Data excerpt
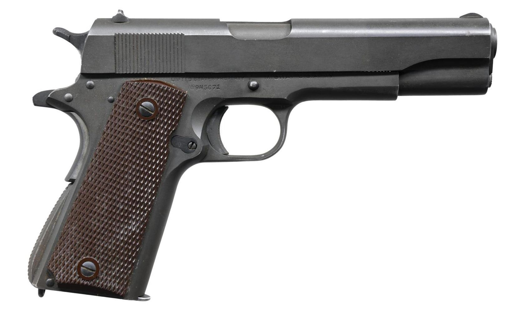 Cal. 45 ACP. S# 945071 (S# range 857,000-1,609,529 mfg. 1943). Correct features include: Type 7 Coltwood stocks, Type B recoil spring guide, Type B slide lock, Type C magazine release lock, Type C safety lock tabs, Type D hammer, Type 3 mainspring, Type 2 Mainspring pin, Type 3 recoil spring plug, grip safety, Type C front sight, & Type C rear sight. Post WWII replacement parkerized 5" bbl. marked "45 AUTO / 7791193" on top, "P' on lug & bottom of bbl., & "SA" on right side of lug. "G.H.D." inspection stamp on frame above clearance cut. MAGS: 1 commercial style 7 rd. mag. marked "45 AUTO" on base w/ parkerized finish. Mag. has fair finish w/ peppery oxidation & light pitting throughout. CONDITION: very good parkerized finish showing sm. spots of wear along edges, in carry areas, cycling friction spots & slide lock wear. Sm. spots of pinprick oxidation on slide & grip area. Very good grips. Very good bore. PROVENANCE: From the estate collection of Thomas J. Mulligan. (23-2209/MD). CURIO. $1,000-2,000.
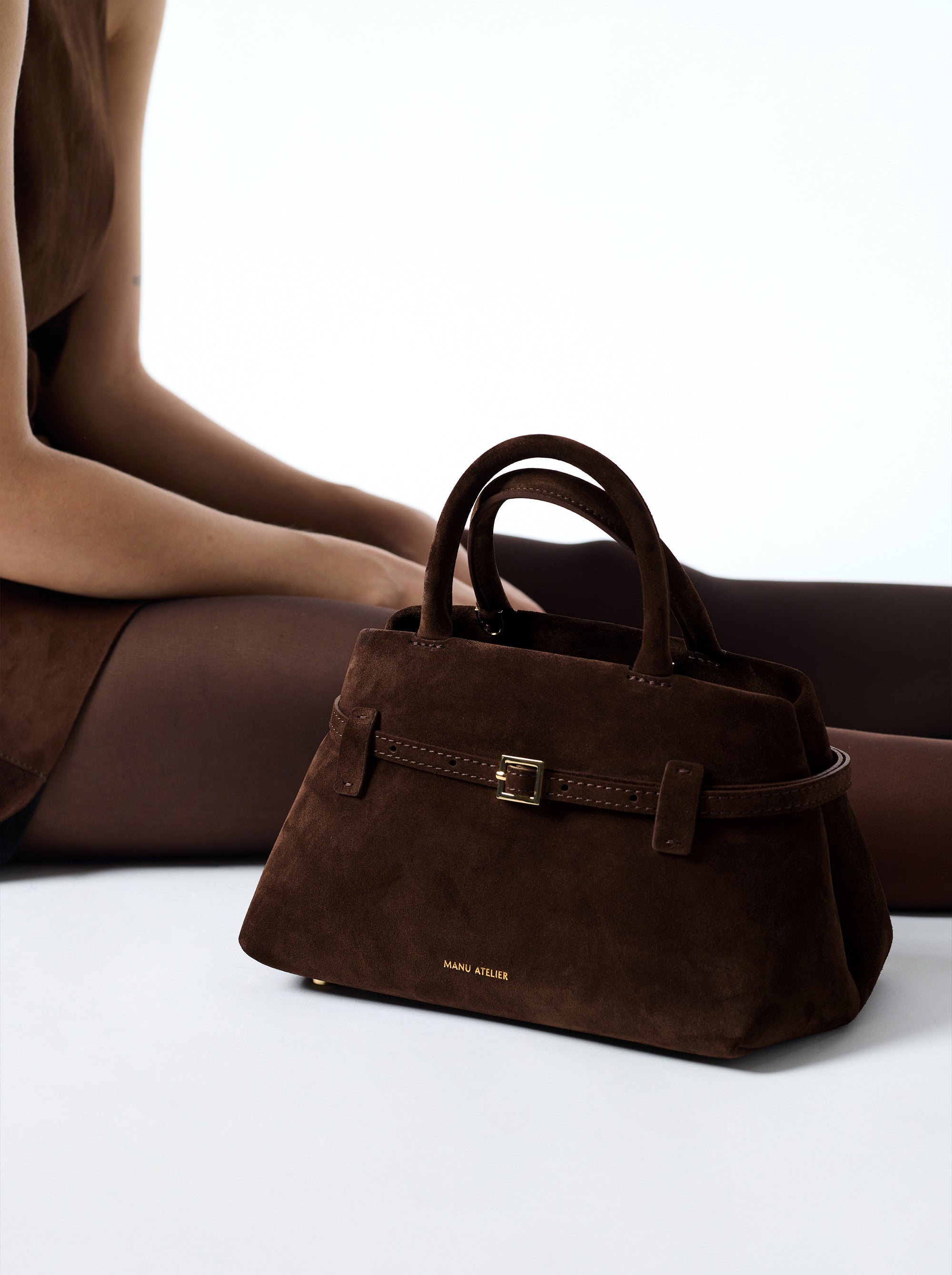 Le Cambon 25 Deep Brown Suede by Manu Atelier is an invitation to embrace texture with style. Soft deep brown suede forms the foundation of this timeless silhouette, featuring top handles, an adjustable strap, and a beige-lined interior with zipped pocket.
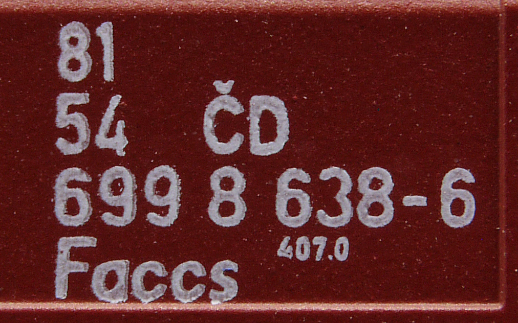 | • 81 54 699 8 638-6 | → | nákladní, s podvozky, ve vlastnictví železniční správy, pro mezinárodní dopravu dle zvláštních umluv |

Aim of the task
Set down word for word, from the line that contains "Le Cambon 25" to the end of the listing above, every line and no picture.

Output of the exercise
 Le Cambon 25 Deep Brown Suede by Manu Atelier is an invitation to embrace texture with style. Soft deep brown suede forms the foundation of this timeless silhouette, featuring top handles, an adjustable strap, and a beige-lined interior with zipped pocket.
 | • 81 54 699 8 638-6 | → | nákladní, s podvozky, ve vlastnictví železniční správy, pro mezinárodní dopravu dle zvláštních umluv |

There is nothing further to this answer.